We stayed not two days, as we intended, but a whole week, and every evening we all went to this dervish and conversed with him, and afterwards, until late each night, Sari-Ogli and I repeated to our comrades everything that had been said.
The last time we went to the dervish, to thank him and take our leave, Ekim Bey, to our great surprise, suddenly turned to him and, in a humble voice unusual for him, said in Persian:
‘Good Father! During these days I have become convinced with the whole of my being that you ...’
Interrupting himself at this point, he hurriedly asked Sari-Ogli and me not to hinder him from speaking for himself and to correct him only when the expressions he used had a special meaning in the local dialect which might change the sense of what he was saying.

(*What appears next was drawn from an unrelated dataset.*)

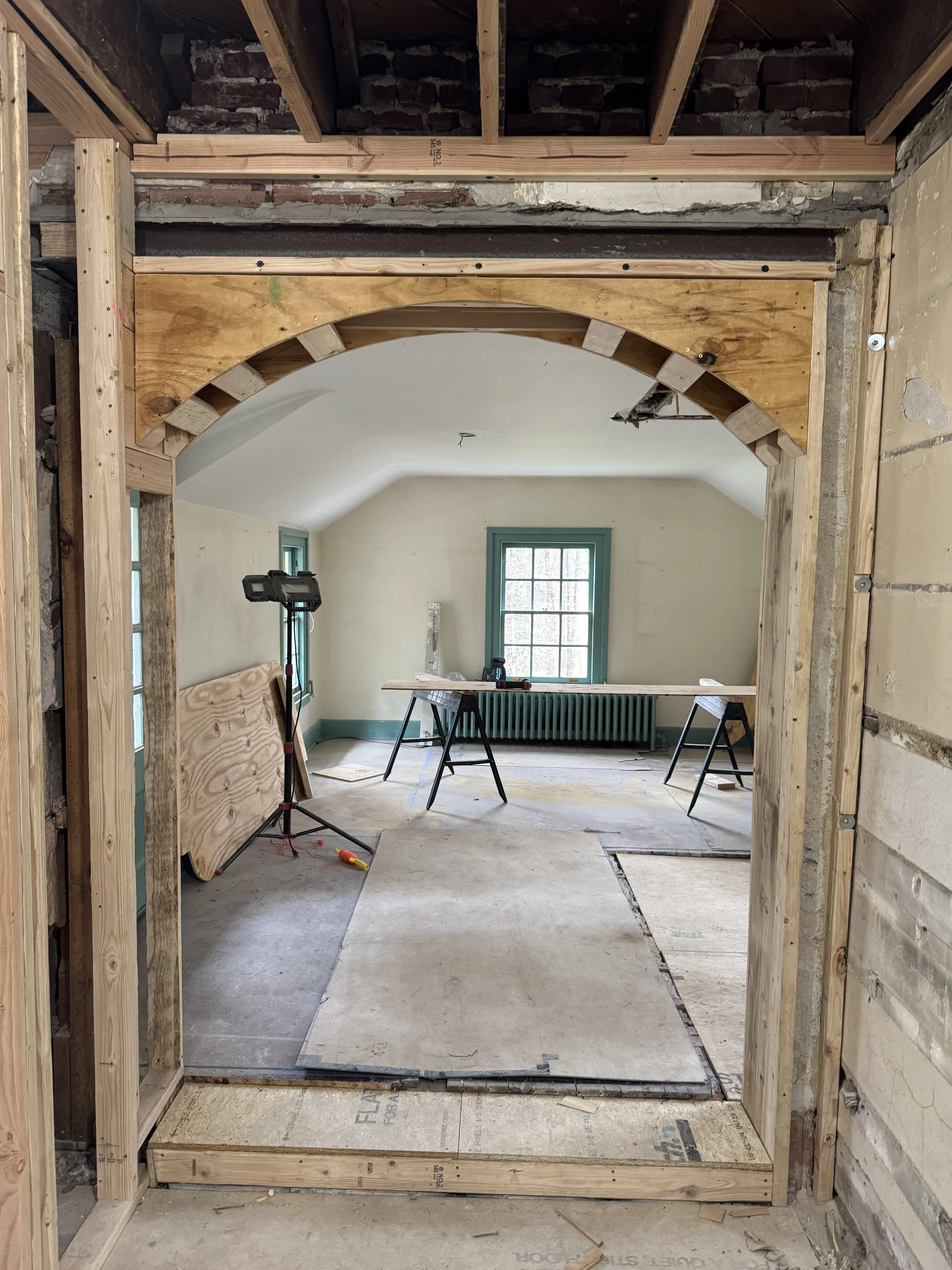 One of our favorite elements in this house is the arches. They are subtle, slight curves without ornate posts or woodwork. So, where appropriate, we will maintain what is existing and get to add a few throughout. When we opened up the doorway and took out the bathroom to this back room that previously served as a housekeeper’s quarters, we took the opportunity to add an arch. This room will be our “snug,” which is what the English call their cozy dens used for relaxation, TV watching, and reading.

Then he continued:‘... that you are the very man I have instinctively been searching for, a man to whom I could wholly entrust the guidance of my inner world, in order to regulate and neutralize the struggle which has recently arisen in me between two totally opposite strivings. On the other hand, numerous life circumstances over which I have no control do not permit me to live here, somewhere near you, so that whenever necessary I could come and reverently hear your directions and counsels as to how I should live, in order to put an end to this tormenting inner struggle and to prepare myself to acquire the being worthy of man.
‘That is why I beg you, if it is possible, not to refuse to give me now a few brief indications and guiding principles of life, appropriate to a man of my age.’
To this unexpected and high-sounding request of Ekim Bey, this venerable man, the Persian dervish, replied with precision and in great detail.
I will not record here, in this second series of my writings, what he then explained, considering it premature for serious readers and, as regards the correct sequential perception of all my writings, even harmful to the aim of genuine understanding. I have therefore decided, with a clear conscience, to expound the quintessence of these explanations only later, in a corresponding chapter of the third series of my writings, entitled ‘The physical body of man, its needs according to law, and possibilities of manifestation’.
Early in the morning following this last visit to the dervish, we resumed our journey. Instead of going, as previously mapped out, in the direction of the Persian Gulf, we went west towards Bagdad, since two of our company, Karpenko and Prince Nijeradze, had fallen sick with fever and were becoming worse from day to day.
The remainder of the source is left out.